AIM OF THE TASK
For this task, output exactly the lines of the material below starting at the line with "研究發現,現存恆星中有一半形" and ending at the line with "廈門市衞健委在6月2日的疫情"; pictures are to be excluded.

DATASET CONTENT
*** Begin section ***
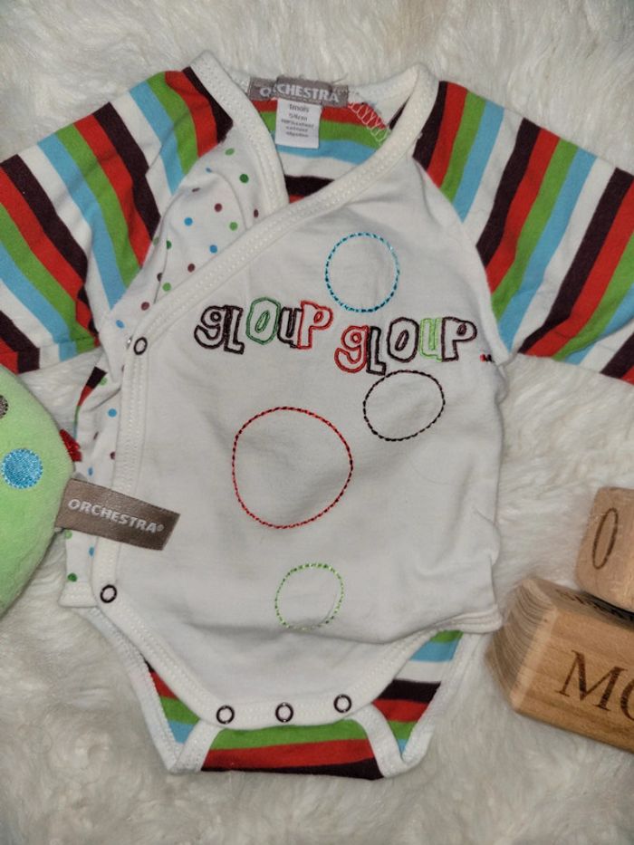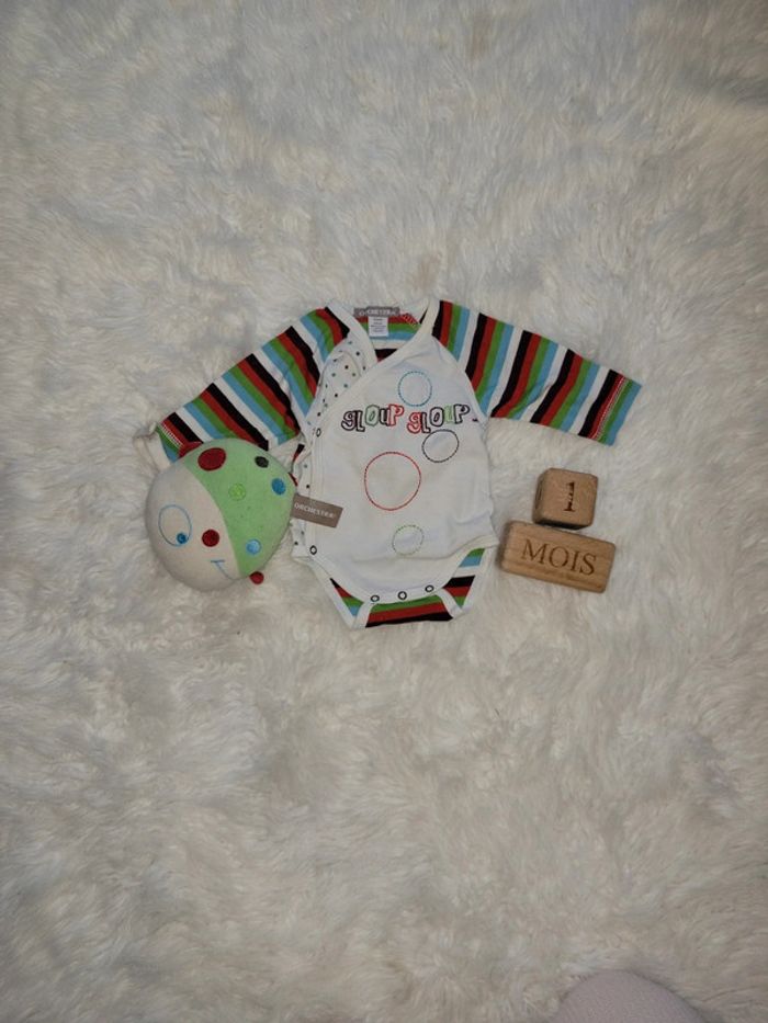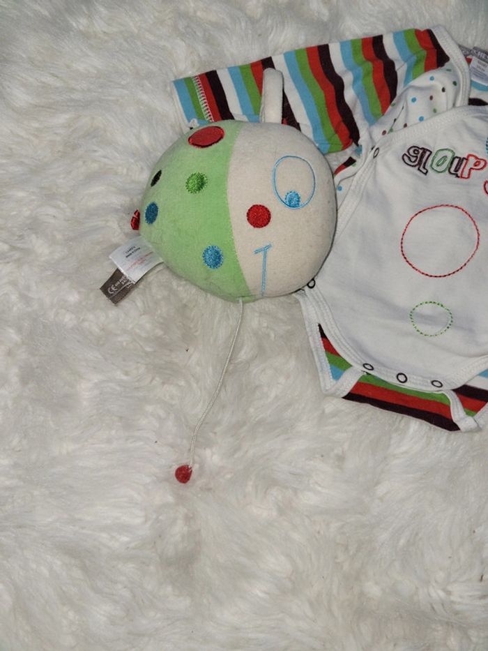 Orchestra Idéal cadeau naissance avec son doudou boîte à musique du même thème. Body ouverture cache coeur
*** End section ***
*** Begin section ***
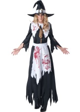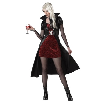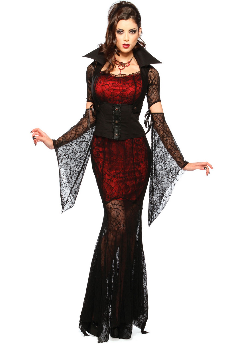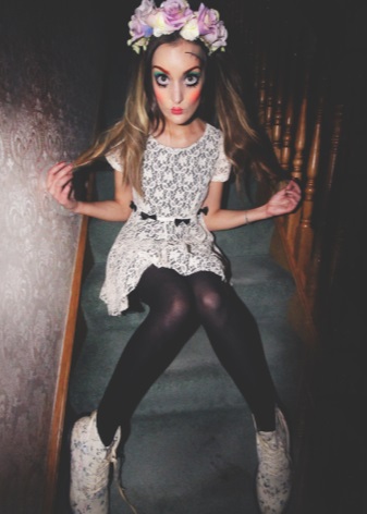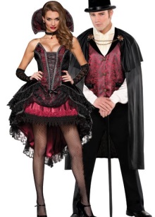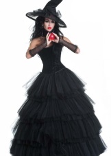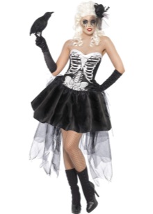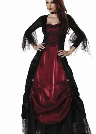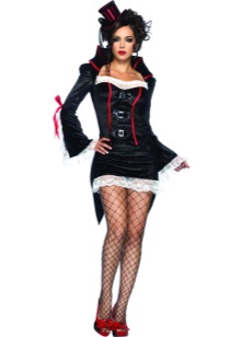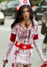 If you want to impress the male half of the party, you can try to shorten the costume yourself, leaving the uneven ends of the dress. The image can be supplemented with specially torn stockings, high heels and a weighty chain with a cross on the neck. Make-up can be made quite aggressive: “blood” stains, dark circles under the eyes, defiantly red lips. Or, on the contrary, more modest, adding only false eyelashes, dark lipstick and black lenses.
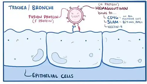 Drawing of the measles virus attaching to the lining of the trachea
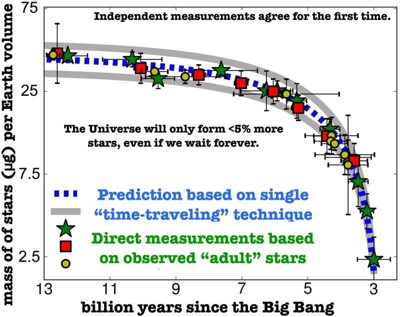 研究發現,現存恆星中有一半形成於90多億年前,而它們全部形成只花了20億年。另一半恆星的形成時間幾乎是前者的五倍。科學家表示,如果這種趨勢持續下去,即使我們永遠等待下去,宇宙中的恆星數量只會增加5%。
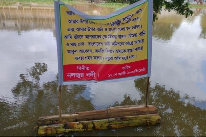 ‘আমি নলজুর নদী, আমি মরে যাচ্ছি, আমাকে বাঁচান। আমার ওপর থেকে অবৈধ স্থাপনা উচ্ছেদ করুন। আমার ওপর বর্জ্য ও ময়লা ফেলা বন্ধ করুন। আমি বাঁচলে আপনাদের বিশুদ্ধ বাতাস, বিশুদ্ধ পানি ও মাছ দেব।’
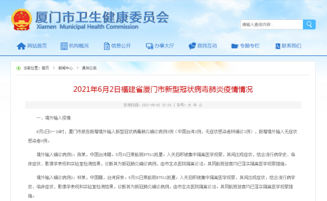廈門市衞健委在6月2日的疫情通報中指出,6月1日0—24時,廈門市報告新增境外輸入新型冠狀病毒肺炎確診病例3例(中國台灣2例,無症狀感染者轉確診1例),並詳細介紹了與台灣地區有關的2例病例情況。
*** End section ***
EXERCISE RESULT
 研究發現,現存恆星中有一半形成於90多億年前,而它們全部形成只花了20億年。另一半恆星的形成時間幾乎是前者的五倍。科學家表示,如果這種趨勢持續下去,即使我們永遠等待下去,宇宙中的恆星數量只會增加5%。
 ‘আমি নলজুর নদী, আমি মরে যাচ্ছি, আমাকে বাঁচান। আমার ওপর থেকে অবৈধ স্থাপনা উচ্ছেদ করুন। আমার ওপর বর্জ্য ও ময়লা ফেলা বন্ধ করুন। আমি বাঁচলে আপনাদের বিশুদ্ধ বাতাস, বিশুদ্ধ পানি ও মাছ দেব।’
廈門市衞健委在6月2日的疫情通報中指出,6月1日0—24時,廈門市報告新增境外輸入新型冠狀病毒肺炎確診病例3例(中國台灣2例,無症狀感染者轉確診1例),並詳細介紹了與台灣地區有關的2例病例情況。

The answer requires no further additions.